O que é ser feminina?

David Magila

Recentemente almocei com um amigo e, ao se despedir, ele me abraçou e lançou: “A maternidade te deixou mais feminina”. Segundo ele, não falar em dinheiro, em pênis, em projetos, e sobretudo em intrigas relacionadas a dinheiro, pênis e projetos, fizeram de mim, finalmente, “uma mulher feminina”.

Apenas para não acordar a bebê sempre no meu colo, adquiri uma nova voz. Mais lenta, mais doce, mais baixa. Quem me telefona sempre comenta: “Nossa, que feminina!”. Gente, será que eu era um mano de regata e tatuagem do Corinthians e até hoje nunca me avisaram?

Como estou de licença maternidade (o que quer dizer que, das 76 coisas que eu fazia, tô fazendo só umas 27), acabei com uns gostos estranhos. Enquanto minha filha dorme, fico googlando mantas de sofá no mais puro algodão, tapetes de banheiro muito felpudos e com antiderrapantes, organizador de meias para gaveta, mini-hortas de temperos orgânicos, uma receita de bolo de banana sem açúcar e sem farinha.

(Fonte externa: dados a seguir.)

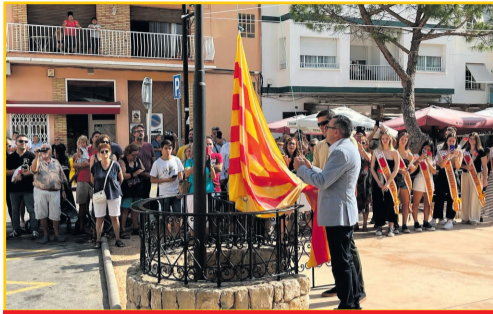
L'AMETLLA DE MAR
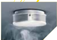
Rauchwarnmelder, Bewegungs- und Präsenzmelder
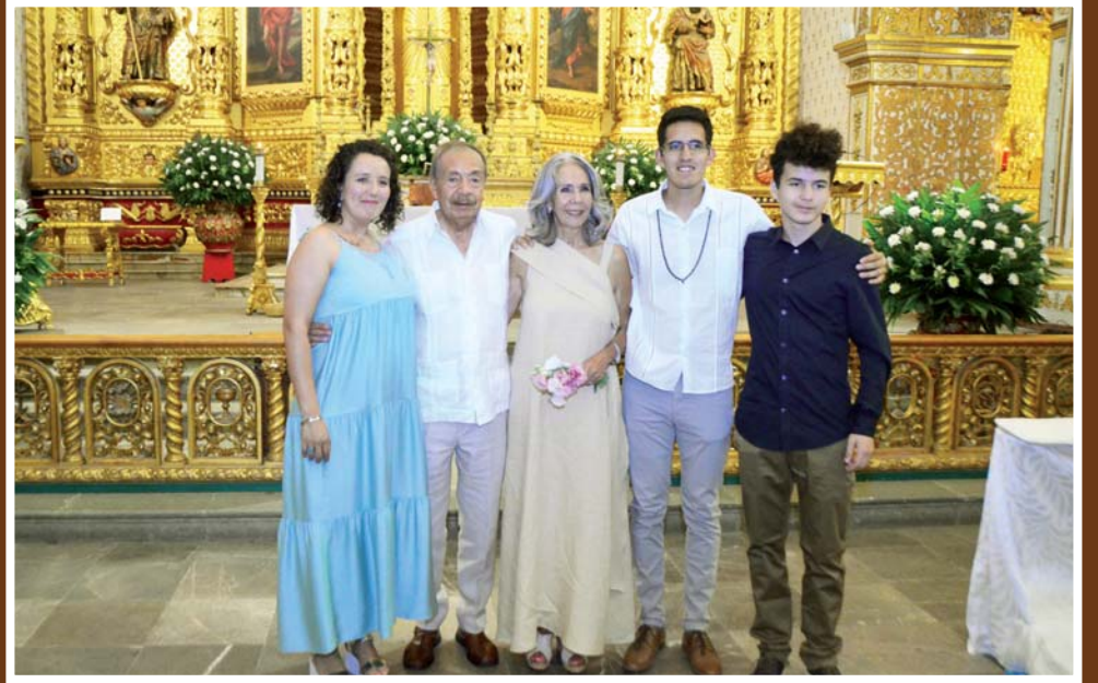
► Acompañados de sus nietos.
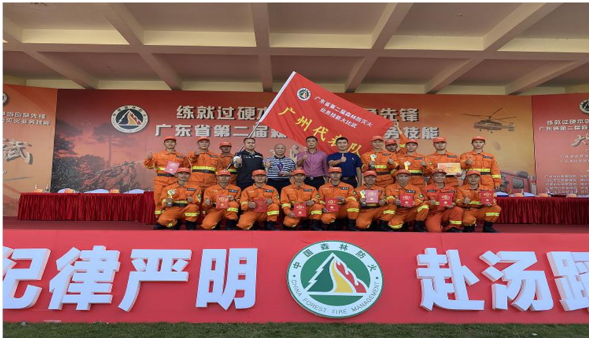
全省森林防灭火大比武获奖照片

三等奖：肇庆代表队、河源代表队、珠海代表队、 中山代表队、汕头代表队、东莞代表队
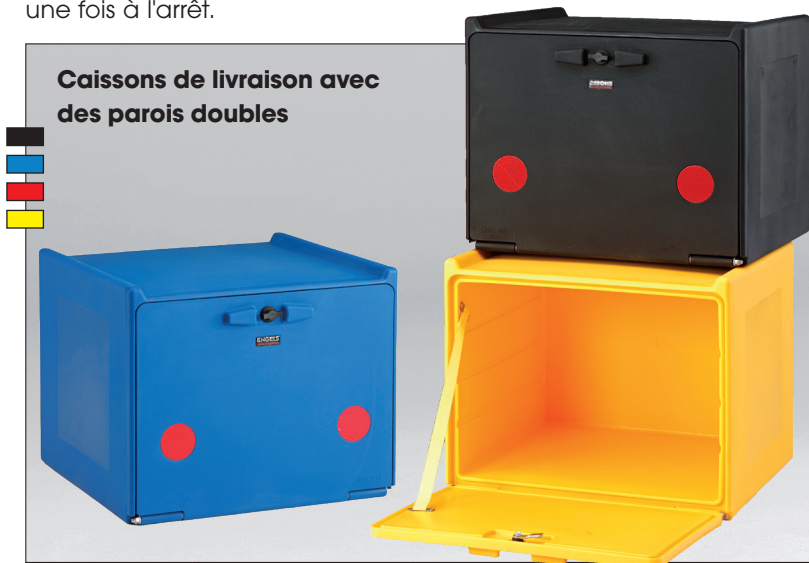
Caissons de livraison avec des parois doubles

Le Food Delivery Box est un caisson à double parois isotherme. Avec ce caisson ce n'est pas nécessaire d'utiliser un emballage intérieur isolant. La FDB est, de série, munie de réflecteurs, de larges emplacements latéraux pour autocollants publicitaires et, sur la partie supérieure, de rebords de chute pour poser un casque ou un petit paquet une fois à l'arrêt.
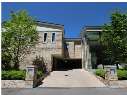
アリアヴィータ軽井沢 外観
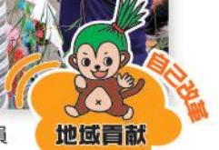
七夕飾りを行う女性会員とJA職員
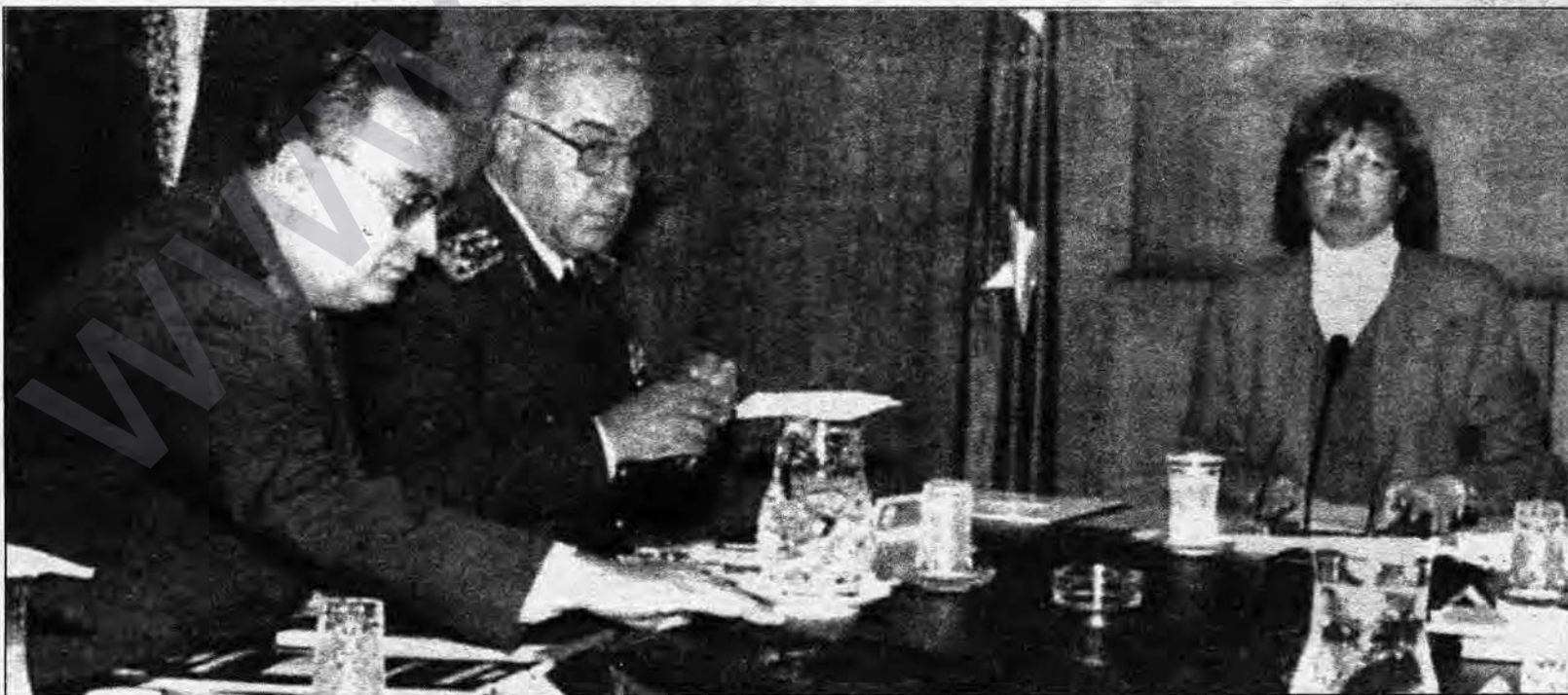
Wezîfeya MGK'ê 'tawsiyekirin' ya hikûmetê bicihanîna wê ye.
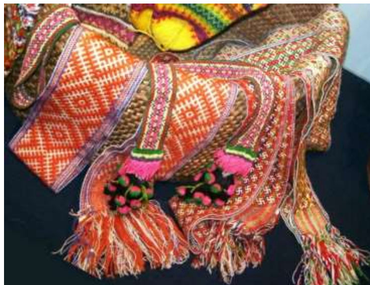
Узорное ткачество . Пояс
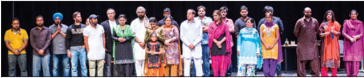
ਨਾਟਕ ‘ਉਮਰਾਂ ਲੰਘੀਆਂ ਪੱਬਾਂ ਭਾਰ’ ਦੀ ਸਮੁੱਚੀ ਟੀਮ
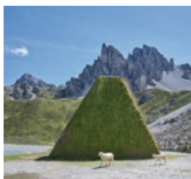
AxamerLizum_Wett.jpg Schuttdamm und Speichersee, Axamer Lizum

Weitere Pressefotos finden Sie auf der Website des Architekturzentrum Wien https://www.azw.at/de/artikel/presse/ueber-tourismus/
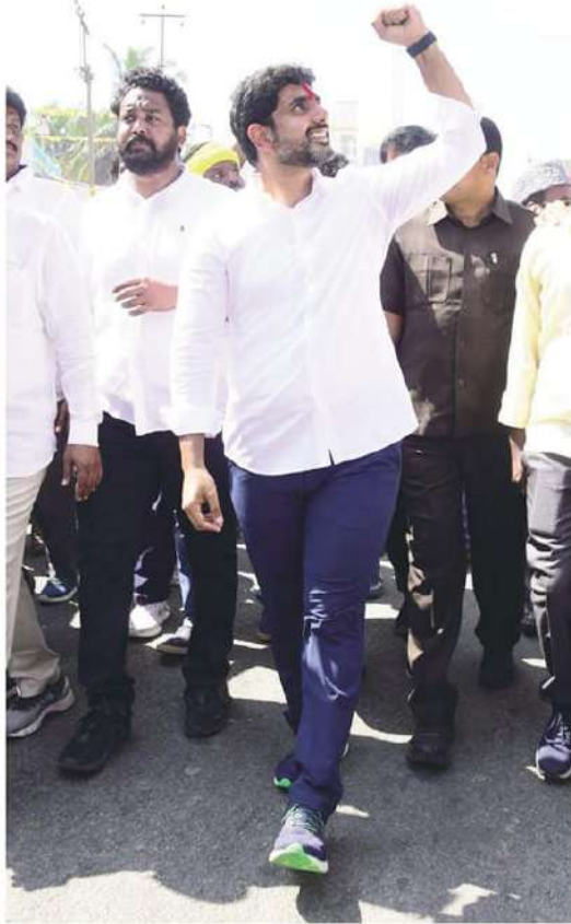
స్వతంత్రం వచ్చినప్పటి నుండి 70 సంవత్సరాల్లో 24 వేల కి.మీ.ల సిమెంట్ రోడ్లు రాష్ట్రంలో నిర్మిస్తే, నారా లోకేశ్ కేవలం 3 సంవత్సరాల్లో 26 వేల కిలోమీటర్ల సిమెంట్ రోడ్లు నిర్మాణం చేయడం ఆయన పరిపాలనా దక్షతకు నిలువెత్తు నిదర్శనం.

తెలుగుదేశం పార్టీ జాతీయ ప్రధాన కార్యదర్శి నారా లోకేశ్ 'యువగళం' పాదయాత్ర అర్చనపై మంత్రులు, ఎమ్మెల్యేలు దేస్తున్న వెకిరి వ్యాఖ్యలు చూస్తుంటే వారి జ్ఞానం ఏపాటిదో స్పష్టమవుతోంది. పది సంవత్సరాల పాటు పార్టీ నిర్వాహంలో పనిచేసి, కార్యక్రమ భూమికను గుర్తించి, వారి సంకల్పమానికి ప్రత్యేకంగా నిధి కేటాయించి, అనేక కార్యక్రమాలు చేపట్టి సామాజ్య కార్యకర్తగా పని చేసిన అనుభవజ్ఞుడు నారా లోకేశ్ అంకేశారు. పంచాయతీరాజ్, గ్రామీణాభివృద్ధి మరియు ఇటీవల ఎలక్షన్ కమ్యూనికేషన్ మంత్రిగా పని చేసిన మూడు సంవత్సరాలలో రాష్ట్ర అభివృద్ధికి, ముఖ్యంగా గ్రామీణ ప్రాంత ముఖ దిశగా మార్చిన ప్రజాజీవి. పరిపాలనాదక్షుడు. దేశంలో అన్ని రాష్ట్రాలలో గ్రామీణ ఉపాధి హామీ పథకం అమలులో ఉంది. కానీ ఒక్క ఏపీఐ మాత్రమే 26 వేల కిలోమీటర్ల సిమెంట్ రోడ్లను గ్రామీణ ప్రాంతాల్లో వేయించిన ఘనత నారా లోకేశ్ కి దక్కుతుంది. స్వతంత్రం వచ్చినప్పటి నుండి 70 సంవత్సరాల్లో 24 వేల కి.మీ.ల సిమెంట్ రోడ్లు రాష్ట్రంలో ఏర్పాటై, నారా లోకేశ్ కేవలం 3 సంవత్సరాల్లో 26 వేల కిలోమీటర్ల సిమెంట్ రోడ్లు ఏర్పాటు చేయడం ఆయన పరిపాలనా దక్షతకు నిలువెత్తు నిదర్శనం.
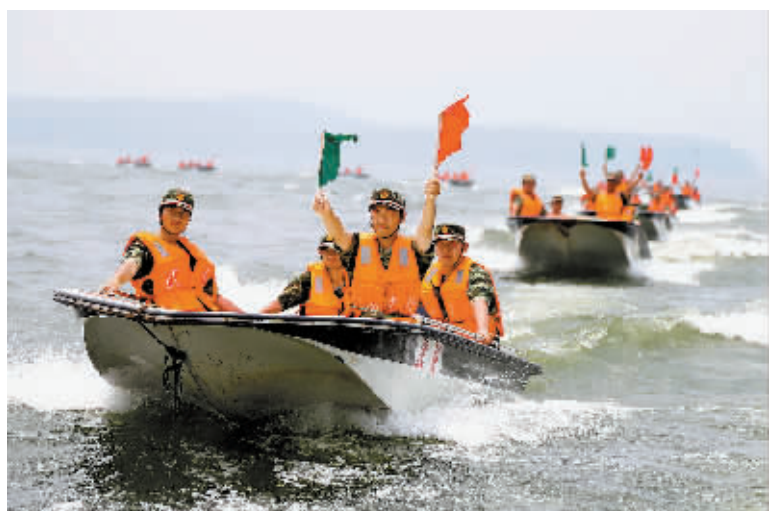
6月18日,武警官兵驾驶冲锋舟在进行水中编队演练。当日,武警河南总队直属支队“方舟-14”艇编综合演练在某水上训练基地展开,此次演练围绕冲锋舟驾驶操作、旗语指挥、水中编队以及复杂水况下的打捞、救护、转移等课目进行。

门备案,由省级人民代表大会或其常委会修订地方性法规或作出规定,依法组织实施。《全国人大常委会关于调整完善生育政策的决议》也明确提出,各省、自治区、直辖市人民代表大会或者其常务委员会应当根据人口和计划生育法和本决议,结合本地实际情况,及时修改相关地方性法规或者作出规定。单独两孩政策由各省(区、市)依法启动实施。
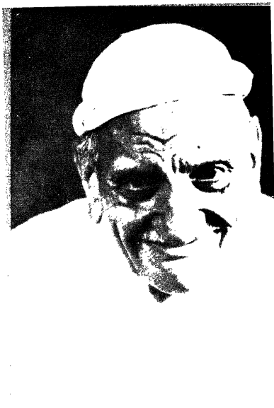
अखिलेश्वर प्र. साहय चन्द्र जीत (संस्था)

Parei de seguir a vida de ex-namorados, de tentar ler três jornais por dia, de cobrar as produtoras que me devem dinheiro e comecei a curtir os stories de influencers que ensinam a dobrar calcinhas adequadamente. Sim, tá estranho.

Esses dias eu tinha todos os motivos para largar uns sete palavrões seguidos para meu cônjuge mas pensei “vou manter o equilíbrio da casa dizendo apenas um muito delicado ‘não gostei’ e seguir com nossa vidinha pois há coisas mais importantes e sérias a se considerar para a devida manutenção de uma família”. Socorro! Quem é essa pessoa?

Talvez o fato de eu ter gerado uma menina tenha me contaminado de delicadezas.

Talvez minha filha (torço para que faça mais a linha sarcástica do que a “mocinha cor-de-rosa”) não tenha nada a ver com isso. Talvez o amor materno nos torne melhores e ser melhor é sempre mais feminino. Talvez dizer “isso é feminino, isso não é” seja algo bastante besta e machista. Só há uma certeza: todas essas experiências têm sido maravilhosas... Mas também dão uma saudade danada de ser mais masculina.